**TASK TO COMPLETE**
Leaving out all pictures, write out word for word the lines from the one containing "Municipal bonds outperformed" to the end of the data below.

DATA PROVIDED START

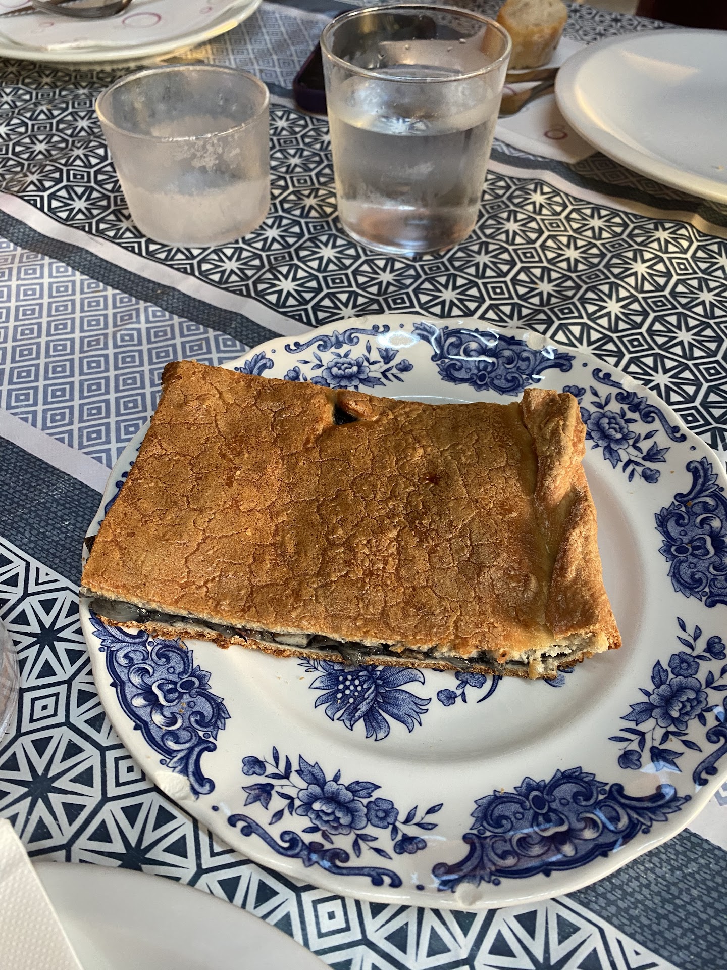 Comida sin más. Raxo con patatas fritas de bolsa de vermut (7€, 4 piezas), pimientos de padrón (6 euros, 300 gramos), media tortilla (4 euros), pan (1 euro), aguas (2 euros)
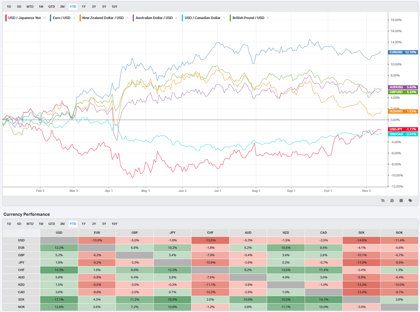 Municipal bonds outperformed Treasuries as issuance ramped up on Wednesday following the Veterans Day holiday and new deals were generally oversubscribed. High yield bonds advanced on idiosyncratic news and earnings before partially retracing gains as the macro tone weakened. In Europe, government bond yields pushed higher as well. The 10-year German bund yield climbed to a five-week high of 2.720% and finished on that level, while the 10-year UK gilt yield rose to a one-month high of 4.579% before closing at 4.574%, up 13.7 basis points. Eurozone Q3 GDP was revised up by 0.1 percentage point to 1.4% year over year. Swaps are discounting only a 3% chance of a 25 basis point rate cut by the ECB at its December 18 meeting.
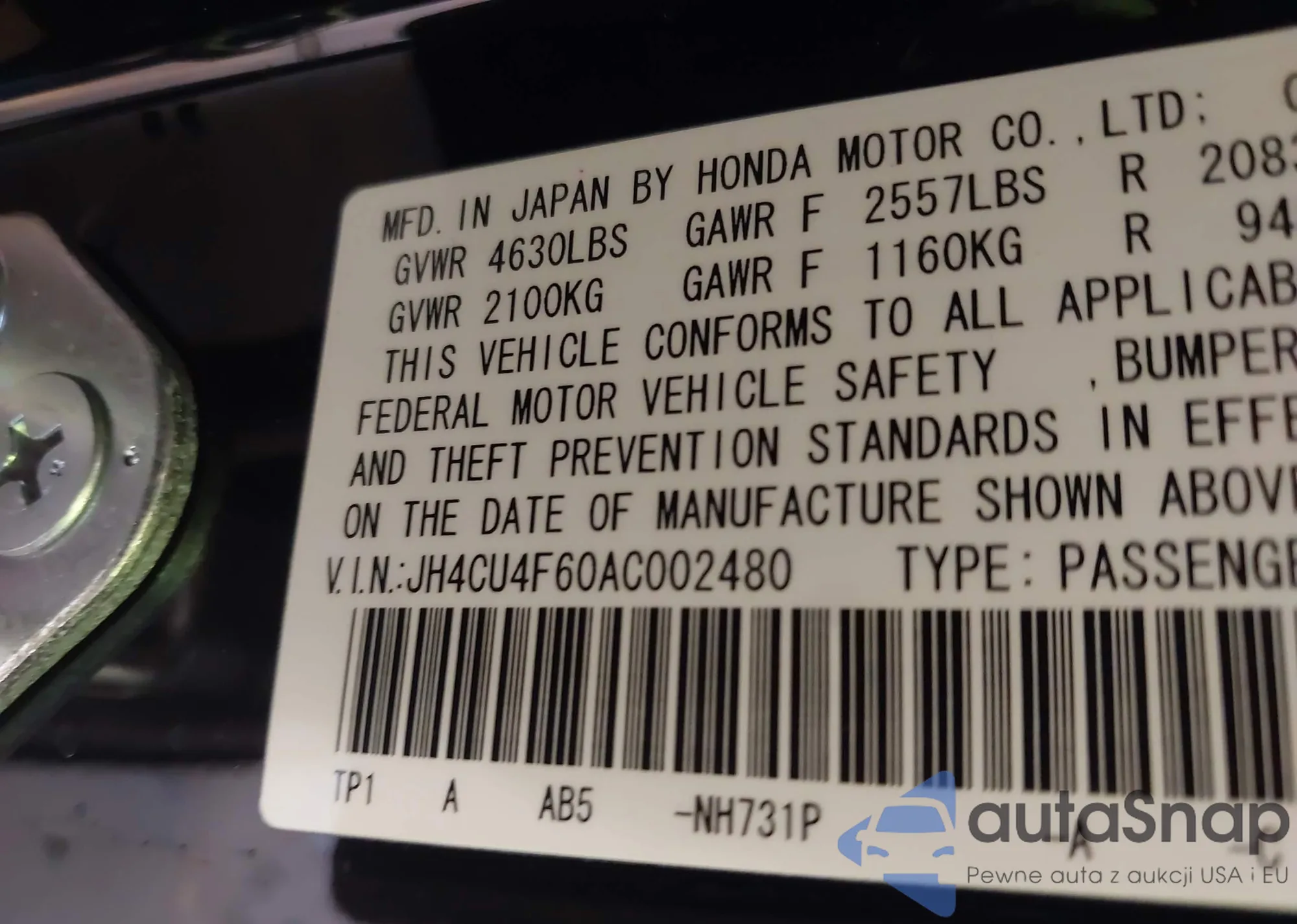 • VIN JH4CU4F60AC002480

DATA PROVIDED END

**YOUR RESPONSE**
 Municipal bonds outperformed Treasuries as issuance ramped up on Wednesday following the Veterans Day holiday and new deals were generally oversubscribed. High yield bonds advanced on idiosyncratic news and earnings before partially retracing gains as the macro tone weakened. In Europe, government bond yields pushed higher as well. The 10-year German bund yield climbed to a five-week high of 2.720% and finished on that level, while the 10-year UK gilt yield rose to a one-month high of 4.579% before closing at 4.574%, up 13.7 basis points. Eurozone Q3 GDP was revised up by 0.1 percentage point to 1.4% year over year. Swaps are discounting only a 3% chance of a 25 basis point rate cut by the ECB at its December 18 meeting.
 • VIN JH4CU4F60AC002480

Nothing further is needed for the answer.